А потом опустил голову и расплакался.
Бланш не растерялась, но обрушение трибун застало ее врасплох. Она стояла так близко, что щепка впилась ей в бедро. Бланш вскрикнула, а потом успокоилась – она вдруг поняла, что все совсем не так плохо, как могло бы быть, и ее просто напугал большой кусок дерева, вонзившийся в ногу. Она осторожно вытащила зловредную щепку. Кровь немедленно пропитала платье.
При виде крови в глазах у Бланш помутилось, к горлу подступила рвота. «Не стану блевать», – подумала она.
Грубые руки схватили ее под мышки.
– Все хорошо, хозяйка, – сказал мужской голос, – все будет хорошо.
Она завопила.
Другой человек схватил ее за ноги.
– Вы успокойтесь. – Это был священник. Вряд ли он мог оказаться насильником.
Бланш дергалась и кричала, но они не обращали внимания и несли ее куда-то. Протащили мимо пожара, мимо восточного края трибун, где дыма почти не было. Там ждала женщина – очень красивая женщина в грязном желтом платье. В волосах у нее виднелись цветы. На земле вокруг нее лежала дюжина людей. Бланш поднесли ближе и аккуратно уложили на утоптанную землю.
Священник поклонился:
– Вот еще для вас работа, госпожа.
Женщина в желтом опустилась на колени рядом с Бланш и произнесла молитву. Задрала юбку и рубашку Бланш до самого пояса, положила руку на кровоточащую рану и свела ее края. Бланш закричала – не от боли, а скорее от ее ожидания. Но больно не было.
Женщина в желтом улыбнулась.
– Вы меня вылечили, – сказала Бланш. Конечно, она слыхала о таких штуках. Это оказалось… красиво, несмотря на крики, на едкий дым, царапавший горло, на беготню вокруг.
– Леди, там двое детей под балкой, – взмолился человек с закопченным лицом.
Леди встала, перекрестилась и смело двинулась прямо в огонь.
Пыль потихоньку рассеивалась, но теперь ее место занял дым.
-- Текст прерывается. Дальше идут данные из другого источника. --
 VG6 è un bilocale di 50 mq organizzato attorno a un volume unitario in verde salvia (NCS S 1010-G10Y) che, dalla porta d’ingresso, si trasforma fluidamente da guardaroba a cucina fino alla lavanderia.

Габриэлю казалось, что ветерок сдувает все прямо на него. Но он бежал, стараясь не замечать дыма и не злиться. У него остались силы, и он тратил их, не жалея, чтобы добраться туда, где, скорее всего, будет лошадь. И, возможно, его брат.
Как ни странно, Гэвин и правда оказался там, и Ателий тоже.
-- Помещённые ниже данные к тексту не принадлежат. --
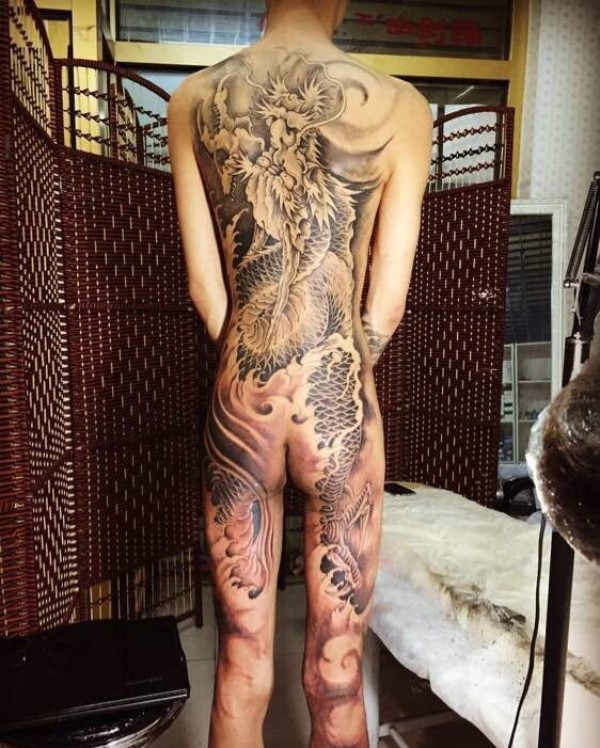 遮盖整个后背的大邪龙纹身图片
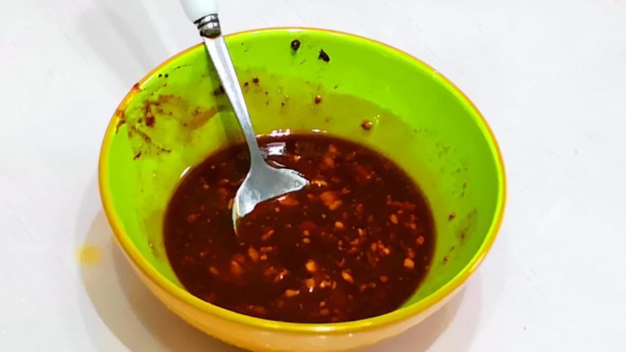 5.調個料汁:碗中放入一塊豆腐乳,將其碾碎後,再加入一匙食鹽、一匙白糖,適量的蠔油和生抽,攪拌均勻備用。
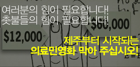 여러분, 의료민영화가 지금 제주부터 시작되려 합니다. 촛불의 힘으로 의료민영화 막아주십시오.
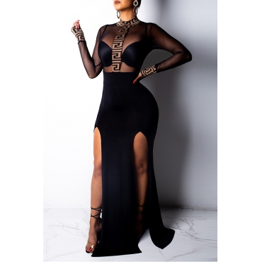 Lovely Sexy See-through Patchwork Black Trailing Dress(Without Lining)
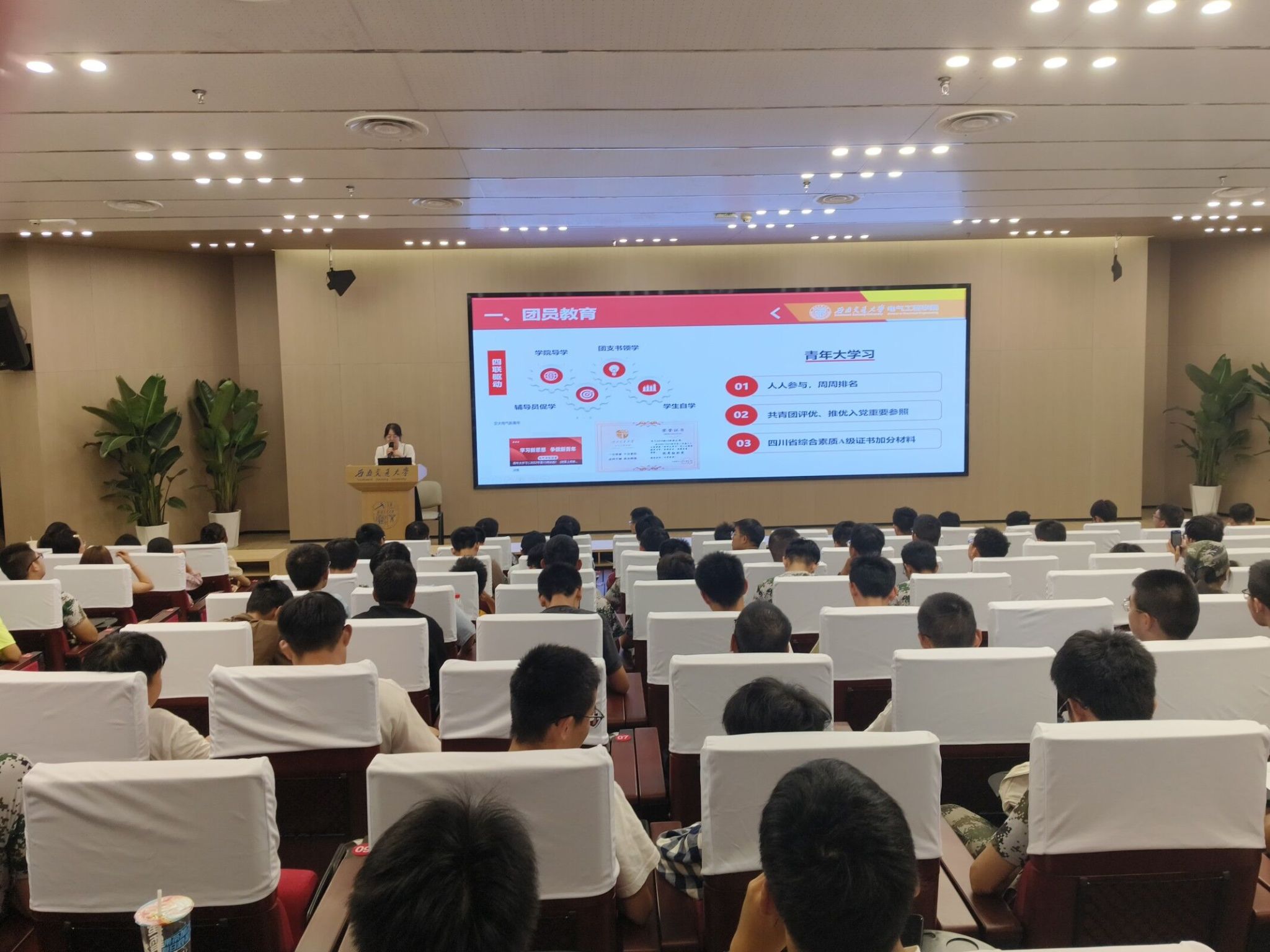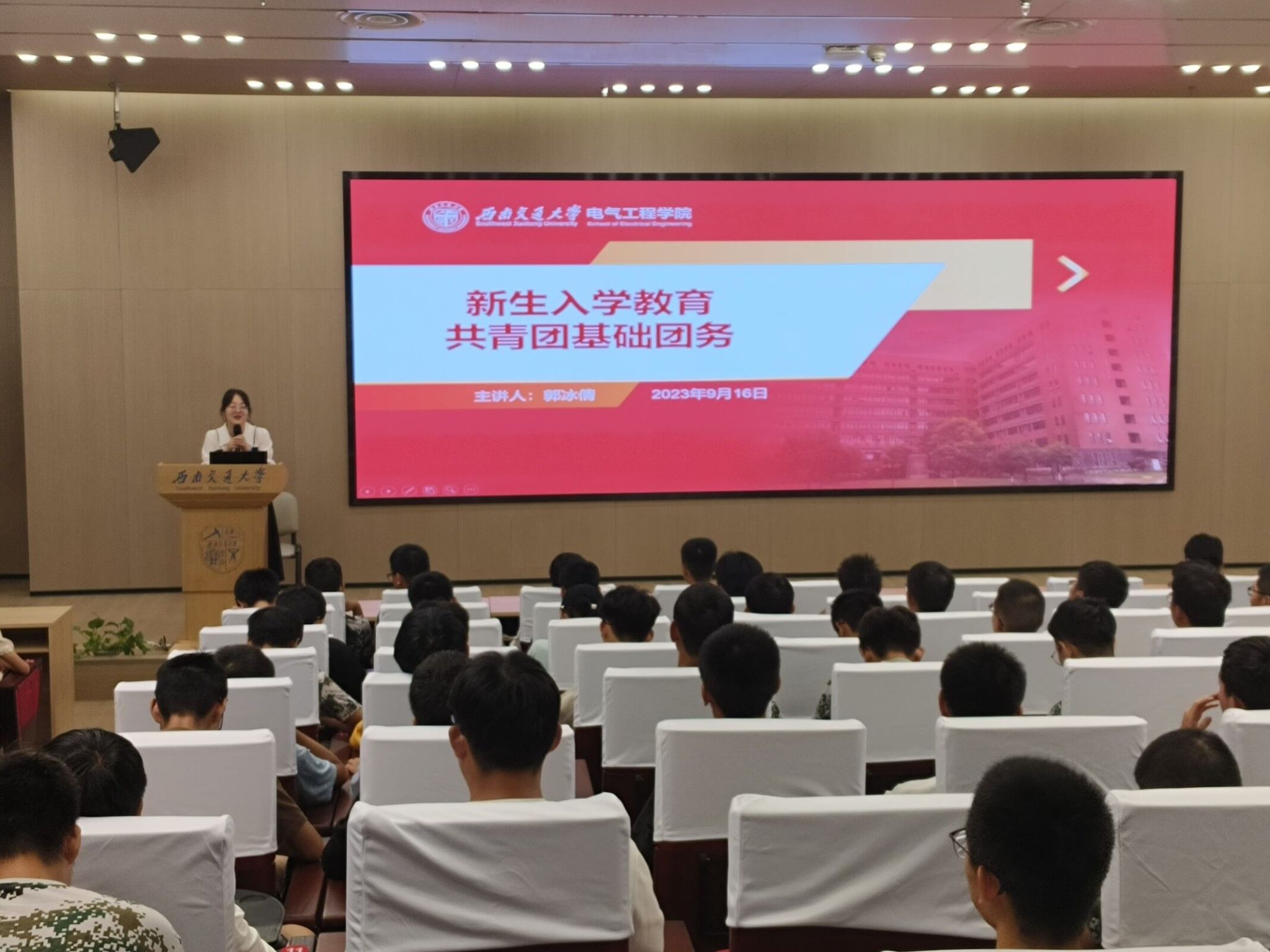 2023年9月16日晚上19:00,Fun88乐天堂官网 本科2023级在西南交通大学犀浦校区一号报告厅开展共青团基础团务专题讲座。此次讲座由辅导员郭冰倩老师主讲,Fun88乐天堂 本科2023级辅导员詹睿、罗霁轩和全体新生参与。

– Ты идиот, – сказал Гэвин и потратил несколько драгоценных мгновений, чтобы обнять его. – Что бы ты сделал, если бы я ускакал? Отрастил бы крылья и улетел?
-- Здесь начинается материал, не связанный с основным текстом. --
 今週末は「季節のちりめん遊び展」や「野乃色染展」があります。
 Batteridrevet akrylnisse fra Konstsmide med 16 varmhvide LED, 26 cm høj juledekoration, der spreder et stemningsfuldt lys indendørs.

Габриэлю хотелось плакать. Никогда в жизни он не был так рад Гэвину.
– Том давно ушел. Минут пять как, а то и больше. Нам нужно валить, пока архиепископ не соберется с мыслями и не велит нас хватать. Их комендант собрал двадцать человек, соберет и больше. – Гэвин возился с подпругой.
– Хреновый я план придумал, Гэвин. – Габриэль понял, что тупо уставился на Нелл, которая держала Ателия.
– Поговорим позже. Ради бога, садись уже в седло. – Гэвин немедленно перешел от слов к делу и сел верхом сам. – Я уже говорил, что ты идиот?
Нелл улыбнулась и запрыгнула на свою лошадку. Стенки ложи защищали их от чужих взглядов с трех сторон – по крайней мере, пока.
– Поехали! – крикнул Гэвин.
– Амиция…
Гэвин пришпорил коня и выскочил из ложи, направляясь на восток, в дым.
Габриэль сказал своему пажу:
– Я за сестрой Амицией.
Нелл кивнула и протянула ему меч.
– Да благословит тебя. Господь, – улыбнулся Габриэль.
Об оружии он даже не подумал.
Он повернул на юг, к трибунам, и Нелл последовала за ним. Архиепископ, окруженный группой вооруженных людей, быстро перемещался на север, подальше от дыма. Тысячи мужчин, женщин и детей бежали прочь, но само турнирное поле было почти пустым из-за огораживавших его барьеров. Габриэль поехал вдоль поля, мимо тела поверженного врага, туда, где он чувствовал пульсацию заклинаний Амиции.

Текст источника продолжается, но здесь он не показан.